» WHAT THE EXERCISE ASKS: Set the listing down exactly; no pictures.

» DATA RECORDS:
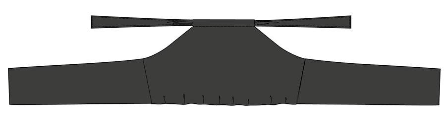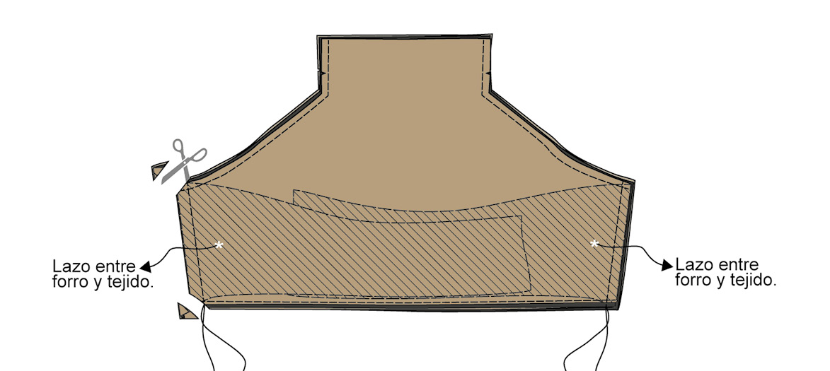 ▶ Introduce las piezas de los lazos de la espalda entre el forro y el tejido en cada uno de los costados de la pieza del delantero. Únelos con un pespunte cerrando al mismo tiempo los costados. Corta las esquinas en sesgo para que queden definidas al voltear la pieza. Voltea por el escote.
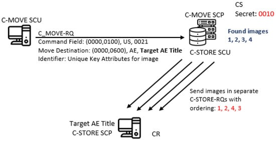 So, one can hide bits in the order of the consecutive C-STORE-RQ messages for all found n images, by using their UIs for ordering in the specific pattern (CC2). For example, let UIs for four found images are 1, 2, 3 and 4 for simplicity, and if we choose the sequence 0010 to be represented with the pattern 1243, then sending this sequence corresponds to sending images in order 1, 2, 4 and 3. For this covert channel, the covert sender is the C-GET SCP (C-MOVE SCP), while the covert receiver is the C-GET SCU (other AEs specified by the C-MOVE SCU, see Figure 8). This covert channel is a form of the pattern EN2 (“Elements/Features Positioning”).
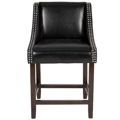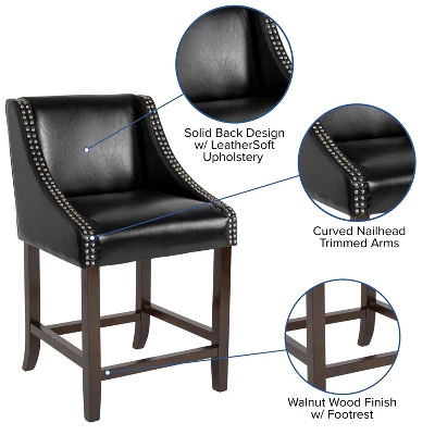 Bring warmth and comfort to your home while adding some world class elegance with this set of 2 classically sophisticated white counter stools. Have breakfast at your kitchen island or hang out with friends around the dining room table in style. Boasting soft and durable LeatherSoft upholstery paired with decorative nail head trim, this counter height stool lends a touch of old world style and comfort to any environment. When hosting guests the last thing you want to worry about is a wobbly chair. The solid wood frame and legs provide a sturdy base for this dining stool that will hold up to 300 lbs weight capacity. An integrated footrest gives your feet a comfortable place to rest and relieves pressure from your legs. The gently curving arms add a touch of whimsy to this upholstered stool and the deep seat, featuring CAL 117 fire retardant foam, is an invitation to lounge, relax and enjoy the atmosphere. Enjoy the comforts of this full back stool anywhere around the home. Spills or soil can be quickly cleaned with water and a neutral detergent. To ensure smooth movement and protection of hard flooring surfaces, glides have been added
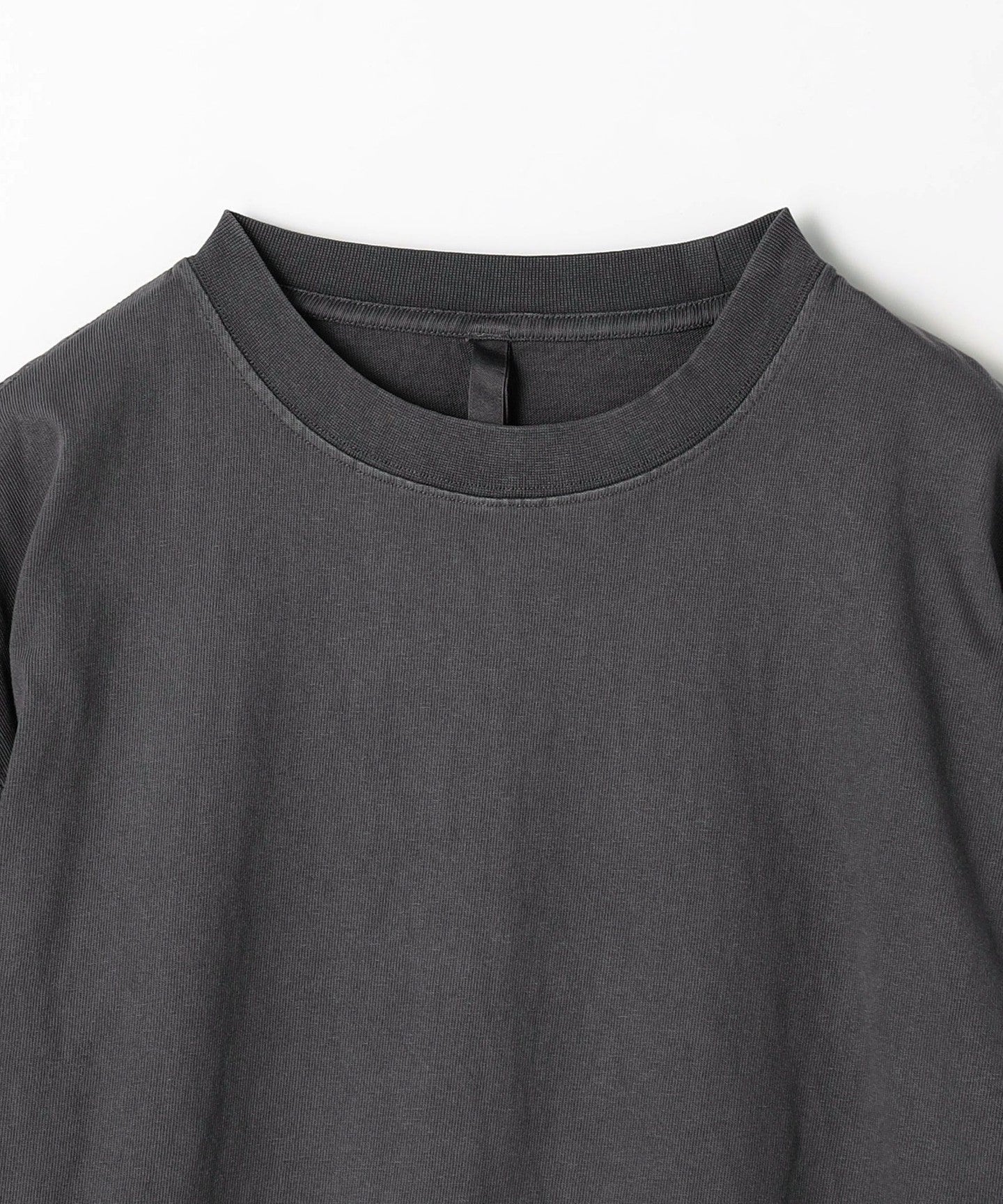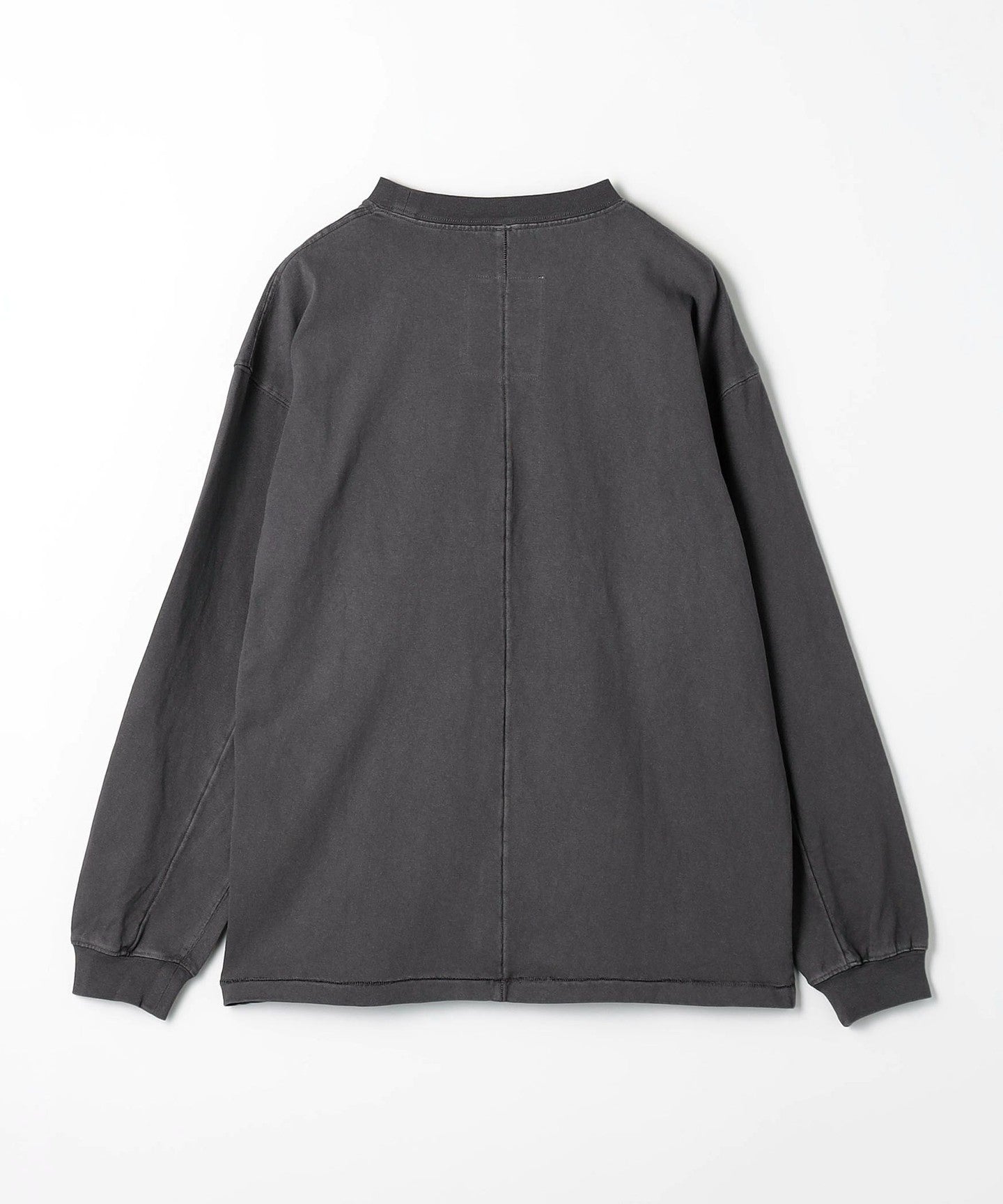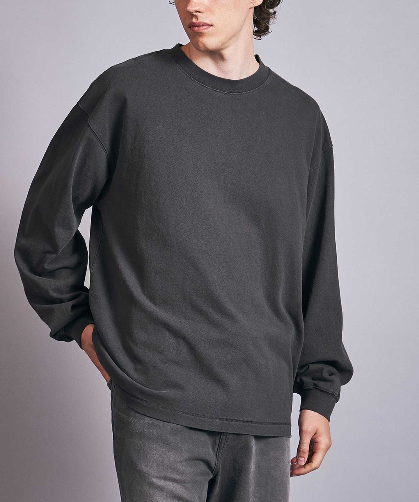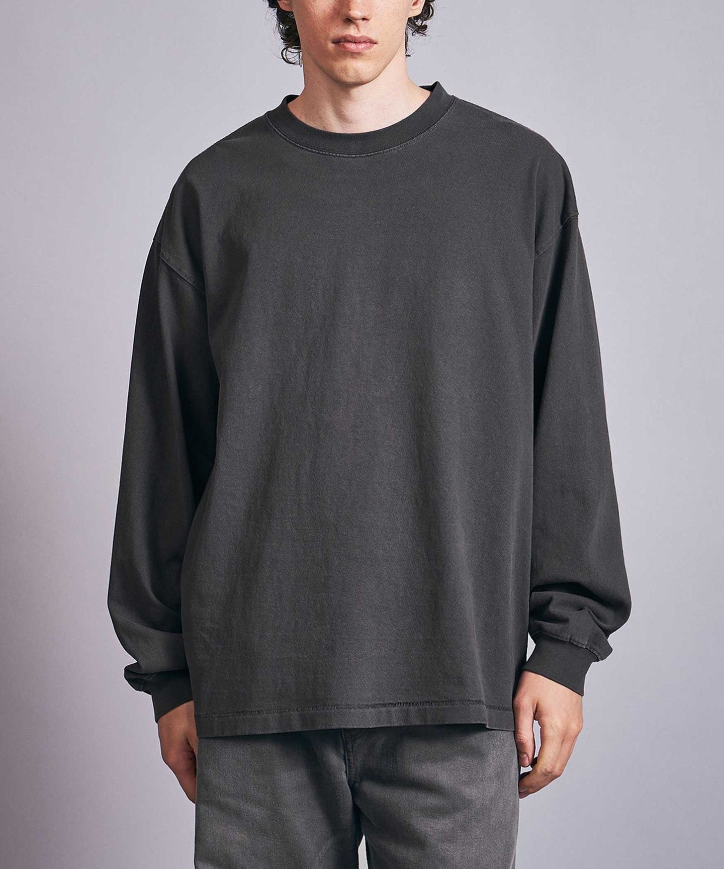 An oversized long-sleeved T-shirt made with open-end yarn that has a rough feel against the skin.
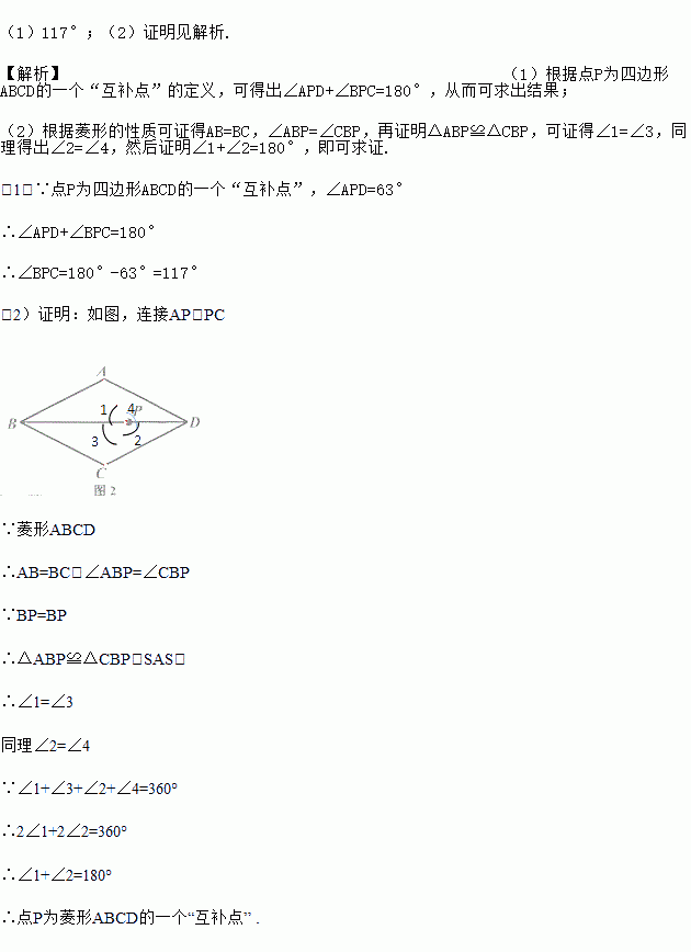 (1)如图1,点P为四边形ABCD的一个“互补点”,∠APD=63°,求∠BPC的度数.
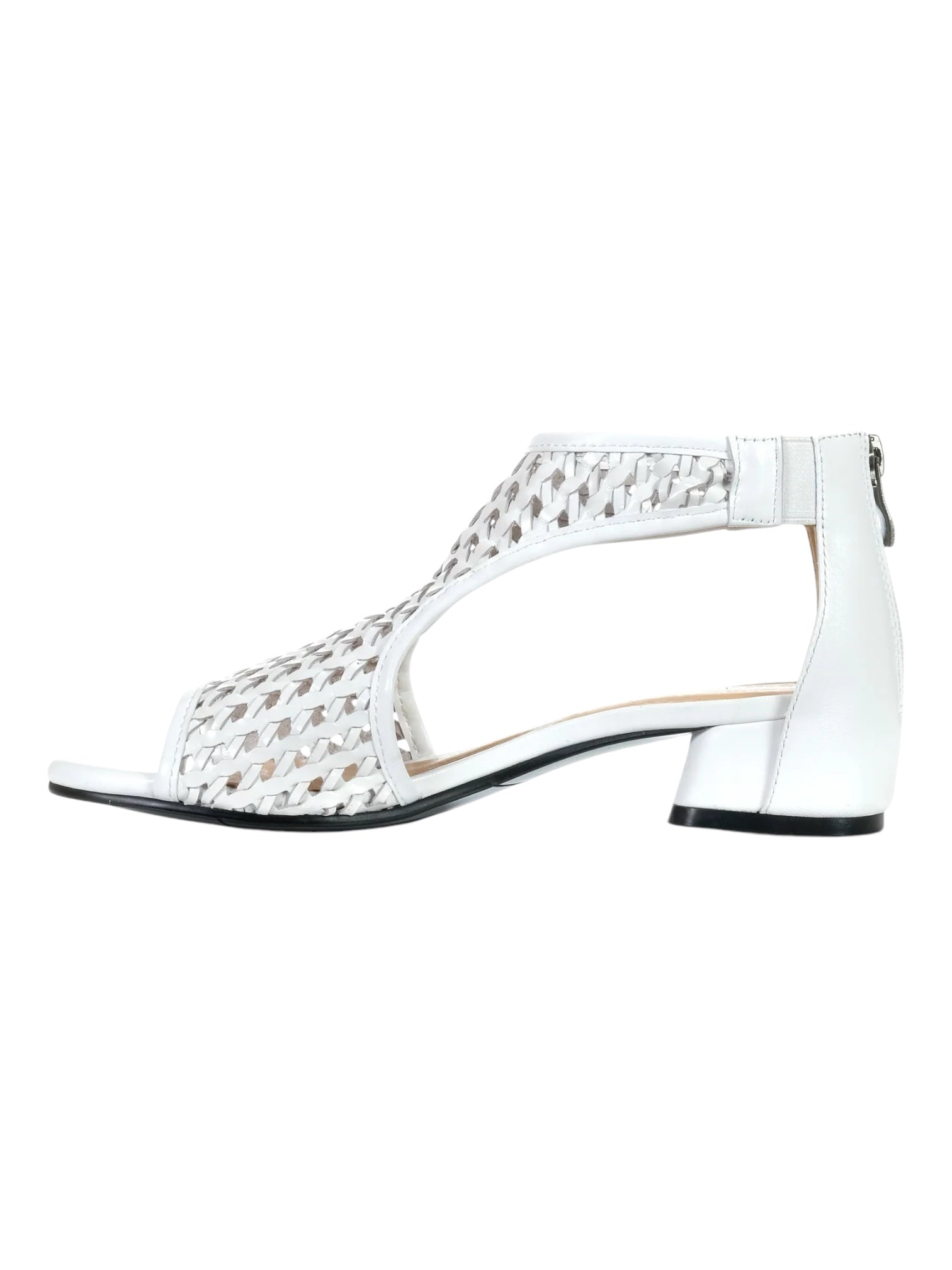 The Bresley Angler heel, designed for comfortaibility and style, is a summer must-have. Featured with a intertwined woven leather upper and conservative elasticised gussets at the heel, Angler ensures a snug, pleasant fit. Including a covered small block heel for added stability, the rear zip of the shoe additionally provides easy entry.

» ANSWER TO THE EXERCISE:
 ▶ Introduce las piezas de los lazos de la espalda entre el forro y el tejido en cada uno de los costados de la pieza del delantero. Únelos con un pespunte cerrando al mismo tiempo los costados. Corta las esquinas en sesgo para que queden definidas al voltear la pieza. Voltea por el escote.
 So, one can hide bits in the order of the consecutive C-STORE-RQ messages for all found n images, by using their UIs for ordering in the specific pattern (CC2). For example, let UIs for four found images are 1, 2, 3 and 4 for simplicity, and if we choose the sequence 0010 to be represented with the pattern 1243, then sending this sequence corresponds to sending images in order 1, 2, 4 and 3. For this covert channel, the covert sender is the C-GET SCP (C-MOVE SCP), while the covert receiver is the C-GET SCU (other AEs specified by the C-MOVE SCU, see Figure 8). This covert channel is a form of the pattern EN2 (“Elements/Features Positioning”).
 Bring warmth and comfort to your home while adding some world class elegance with this set of 2 classically sophisticated white counter stools. Have breakfast at your kitchen island or hang out with friends around the dining room table in style. Boasting soft and durable LeatherSoft upholstery paired with decorative nail head trim, this counter height stool lends a touch of old world style and comfort to any environment. When hosting guests the last thing you want to worry about is a wobbly chair. The solid wood frame and legs provide a sturdy base for this dining stool that will hold up to 300 lbs weight capacity. An integrated footrest gives your feet a comfortable place to rest and relieves pressure from your legs. The gently curving arms add a touch of whimsy to this upholstered stool and the deep seat, featuring CAL 117 fire retardant foam, is an invitation to lounge, relax and enjoy the atmosphere. Enjoy the comforts of this full back stool anywhere around the home. Spills or soil can be quickly cleaned with water and a neutral detergent. To ensure smooth movement and protection of hard flooring surfaces, glides have been added
 An oversized long-sleeved T-shirt made with open-end yarn that has a rough feel against the skin.
 (1)如图1,点P为四边形ABCD的一个“互补点”,∠APD=63°,求∠BPC的度数.
 The Bresley Angler heel, designed for comfortaibility and style, is a summer must-have. Featured with a intertwined woven leather upper and conservative elasticised gussets at the heel, Angler ensures a snug, pleasant fit. Including a covered small block heel for added stability, the rear zip of the shoe additionally provides easy entry.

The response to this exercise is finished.